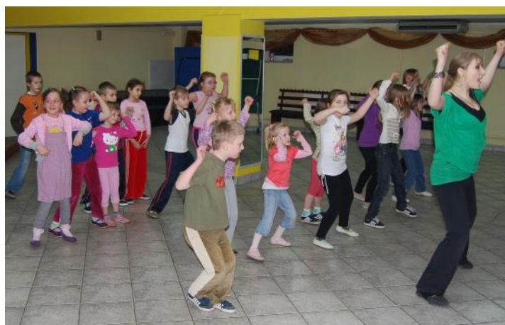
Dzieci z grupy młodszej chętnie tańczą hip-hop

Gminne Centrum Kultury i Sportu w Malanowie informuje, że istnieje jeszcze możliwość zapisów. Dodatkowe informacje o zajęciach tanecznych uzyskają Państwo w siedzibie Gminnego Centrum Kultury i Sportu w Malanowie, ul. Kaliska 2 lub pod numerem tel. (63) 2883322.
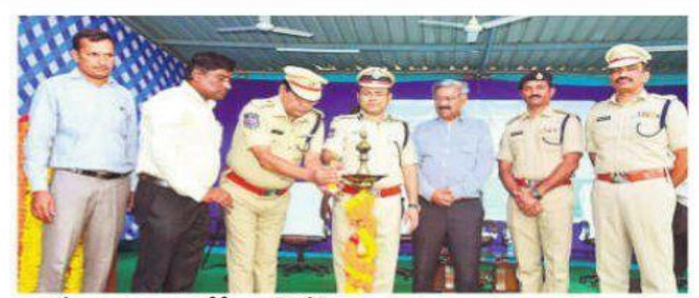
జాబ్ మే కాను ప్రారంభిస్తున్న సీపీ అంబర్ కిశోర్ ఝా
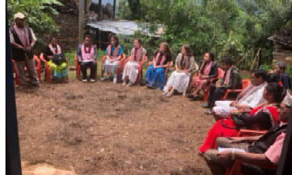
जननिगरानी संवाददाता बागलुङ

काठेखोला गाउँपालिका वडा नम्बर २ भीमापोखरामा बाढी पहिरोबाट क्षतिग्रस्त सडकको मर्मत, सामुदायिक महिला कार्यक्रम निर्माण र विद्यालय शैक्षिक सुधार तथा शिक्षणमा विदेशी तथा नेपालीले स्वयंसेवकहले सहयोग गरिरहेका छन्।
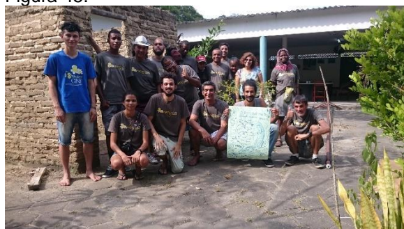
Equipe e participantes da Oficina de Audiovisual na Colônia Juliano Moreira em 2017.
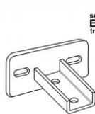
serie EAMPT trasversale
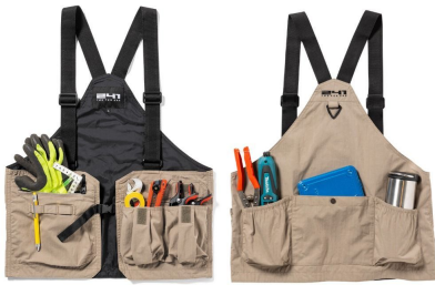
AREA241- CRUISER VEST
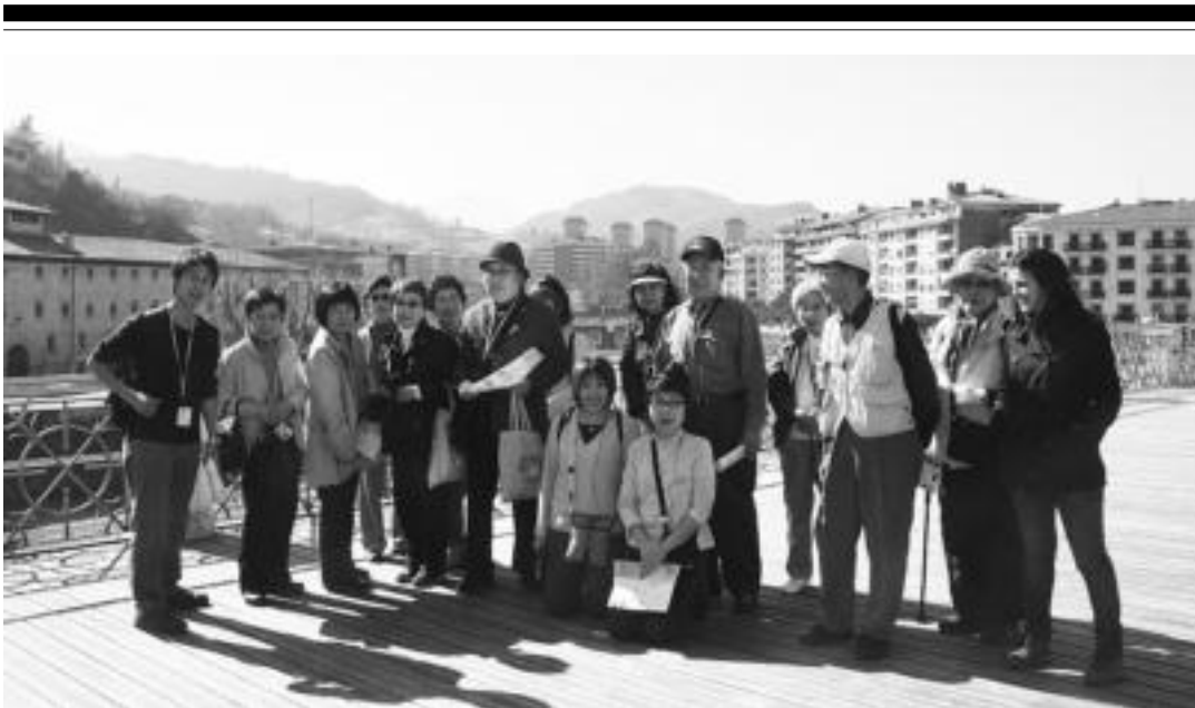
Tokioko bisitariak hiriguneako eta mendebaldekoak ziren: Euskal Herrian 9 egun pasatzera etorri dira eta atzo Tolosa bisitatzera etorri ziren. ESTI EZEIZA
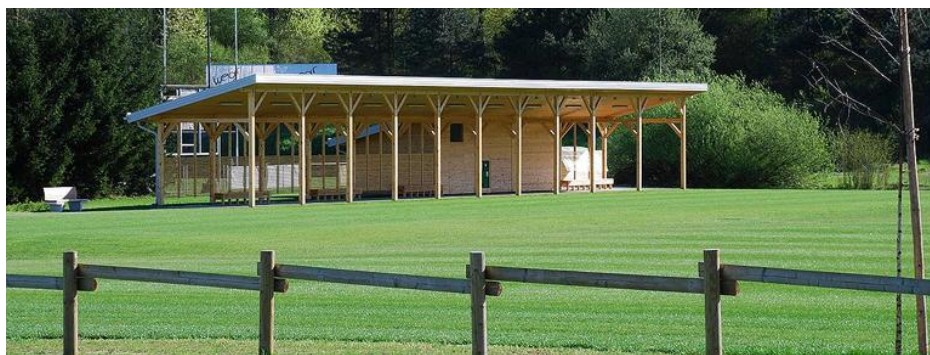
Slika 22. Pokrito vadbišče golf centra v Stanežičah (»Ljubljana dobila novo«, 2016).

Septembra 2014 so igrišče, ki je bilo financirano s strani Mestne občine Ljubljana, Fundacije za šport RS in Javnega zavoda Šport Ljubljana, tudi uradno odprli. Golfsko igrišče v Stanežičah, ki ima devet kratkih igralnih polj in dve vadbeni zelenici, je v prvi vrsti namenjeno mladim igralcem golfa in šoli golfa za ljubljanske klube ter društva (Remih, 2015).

REQUIRED WORK -> Output the records above character for character, but leave each image out.

REPLY ->
Dzieci z grupy młodszej chętnie tańczą hip-hop

Gminne Centrum Kultury i Sportu w Malanowie informuje, że istnieje jeszcze możliwość zapisów. Dodatkowe informacje o zajęciach tanecznych uzyskają Państwo w siedzibie Gminnego Centrum Kultury i Sportu w Malanowie, ul. Kaliska 2 lub pod numerem tel. (63) 2883322.
జాబ్ మే కాను ప్రారంభిస్తున్న సీపీ అంబర్ కిశోర్ ఝా
जननिगरानी संवाददाता बागलुङ

काठेखोला गाउँपालिका वडा नम्बर २ भीमापोखरामा बाढी पहिरोबाट क्षतिग्रस्त सडकको मर्मत, सामुदायिक महिला कार्यक्रम निर्माण र विद्यालय शैक्षिक सुधार तथा शिक्षणमा विदेशी तथा नेपालीले स्वयंसेवकहले सहयोग गरिरहेका छन्।
Equipe e participantes da Oficina de Audiovisual na Colônia Juliano Moreira em 2017.
serie EAMPT trasversale
AREA241- CRUISER VEST
Tokioko bisitariak hiriguneako eta mendebaldekoak ziren: Euskal Herrian 9 egun pasatzera etorri dira eta atzo Tolosa bisitatzera etorri ziren. ESTI EZEIZA
Slika 22. Pokrito vadbišče golf centra v Stanežičah (»Ljubljana dobila novo«, 2016).

Septembra 2014 so igrišče, ki je bilo financirano s strani Mestne občine Ljubljana, Fundacije za šport RS in Javnega zavoda Šport Ljubljana, tudi uradno odprli. Golfsko igrišče v Stanežičah, ki ima devet kratkih igralnih polj in dve vadbeni zelenici, je v prvi vrsti namenjeno mladim igralcem golfa in šoli golfa za ljubljanske klube ter društva (Remih, 2015).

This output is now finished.